Associate Director, Clinical Quality Assurance

Company : Rhythm Pharmaceuticals

Country: United States

Location : Boston, Massachusetts

Post: Tue, 30 May 2023 08:39:30 GMT

Expires: Tue, 27 Jun 2023 23:59:59 GMT

Apply Job : Apply Online

—————————— Job Description ——————————

Company Overview

Rhythm is a global, commercial-stage biopharmaceutical company committed to transforming the care of people living with rare melanocortin-4 receptor (MC4R) pathway diseases. Working at Rhythm means that you are part of a team that’s passionate about transforming the lives of people living with hyperphagia (pathological, insatiable hunger) and severe obesity caused by rare MC4R pathway diseases. We recognize the courage it takes for patients and their caregivers to begin their journey of advocacy to find the answers they need. Their courage inspires us to challenge convention, ask bold questions and seek answers for them. Every day, we strive for excellence through our willingness to adapt, learn, and our tenacity to overcome barriers, together.

 

Opportunity Overview

Independently manage domestic and international audits of sites, documents, databases, vendors, and internal systems in compliance with GCP and Rhythm policies and procedures; assess impact of audit findings on subject safety, data integrity, and business operations.
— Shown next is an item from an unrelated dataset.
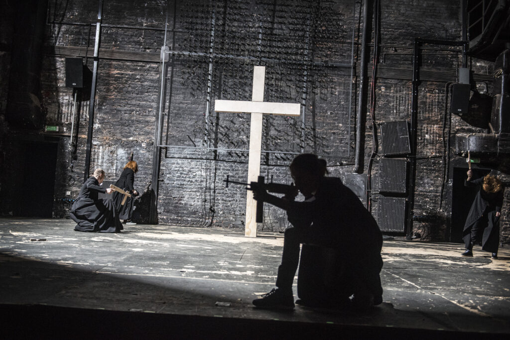 Minimalistyczna scenografia nie naśladuje polskiej wsi sprzed wieku. W ciemnej, niemal pustej przestrzeni pojawiają się tylko nieliczne elementy: prosty drewniany krzyż (w pewnym momencie ścinany piłą mechaniczną przez Karolinę Adamczyk) oraz gipsowa figura przypominająca papieża Jana Pawła II, wjeżdżająca na platformie wyposażonej w kółka, ukazana z wyraźną erekcją doczepionego plastikowego fallusa. Kostiumy stylizowane są na codzienne stroje oraz na sutanny katolickich księży, a trzymane w dłoniach krzyże – unoszone niczym w trakcie egzorcyzmów – łatwo przeobrażają się w karabiny, wymierzone w publiczność w trakcie recytacji modlitwy Ojcze nasz.

Develop the risk-based audit and compliance strategy for clinical programs; assist program teams in implementing corrective and preventive actions; and enable teams to be inspection ready.

Provide expertise in Good Clinical Practice (GCP), Good Laboratory Practice (GLP); Good Pharmacovigilance Practice (GPvP); US Food and Drug Administration (FDA), International Council for Harmonization (ICH), and European Medicines Agency (EMA) regulations and guidelines; and industry standards.

Lead Clinical Quality Assurance (CQA) activities for assigned clinical programs and proactively identify compliance issues/risks and recommend mitigations.

Lead investigations into significant quality issues, scientific misconduct, and serious breach of GCP; facilitate identification of root cause and development of appropriate corrective and preventive actions; track actions and confirm effectiveness; ensure reporting of potential or confirmed violations to regulatory authorities.

Lead GCP health authority inspections; lead clinical teams in preparation for announced inspections and provide GCP compliance technical support during inspections of investigator sites and Rhythm. Facilitate appropriate and timely inspection responses and follow-up actions.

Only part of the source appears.